- Bangramanjeshwar Location in Kerala, India Bangramanjeshwar Bangramanjeshwar (India)
- Coordinates: 12°43′11″N 74°53′14″E﻿ / ﻿12.719640°N 74.887100°E
- Country: India
- State: Kerala
- District: Kasaragod

Area
- • Total: 2.8 km^{2} (1.1 sq mi)

Population (2011)
- • Total: 5,791
- • Density: 2,100/km^{2} (5,400/sq mi)
- Time zone: UTC+5:30 (IST)
- PIN: 671323

= Bangramanjeshwar =

Bangramanjeshwar (Bangramanjeshwaram) is a census town in Kasaragod district in the state of Kerala, India.

==Demographics==
As of 2011 Census, Bangramanjeshwar town had a population of 5,791 where 2,841 are males and 2,950 are females. Population in the age group below 6 years was 12%. Bangramanjeshwar census town has an area of 2.8 km2 with 1,041 families residing in it.
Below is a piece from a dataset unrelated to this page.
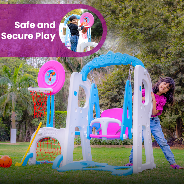 The OK PLAY 3-in-1 Swing & Basketball Set is the perfect playtime companion for active and growing kids. Designed to offer endless fun, this multifunctional set includes a secure swing with a safety belt, a basketball hoop to enhance hand-eye coordination, and a goal post to encourage football practice. Made from high-quality, non-toxic, and durable plastic, it ensures a safe and long-lasting experience. The sturdy base and anti-skid design provide extra stability, making it ideal for both indoor and outdoor use. With easy, tool-free assembly, parents can set it up effortlessly in a playroom, backyard, or garden. This playset not only keeps children entertained but also helps in developing their motor skills, balance, and coordination. Perfect for kids aged 2 years and above, the OK PLAY 3-in-1 Swing & Basketball Set is a wonderful way to combine fun with fitness while encouraging imaginative and social play.

Average literacy rate of Bangramanjeshwar was 92% lower than state average of 94%: male literacy was 96.5% and female literacy was 87.7%.

==Religions==
As per 2011 census report, Bangramanjeshwar town has total population of 5,791 among which 3,490 are Muslims (60.3%), 2,238 are Hindus (38.6%), 29 Christians (0.5%), 20 Jains (0.3%), 4 Sikhs and 10 people not stated their religion.

==Administration==
This village is part of Manjeshwaram assembly constituency which is again part of Kasaragod (Lok Sabha constituency).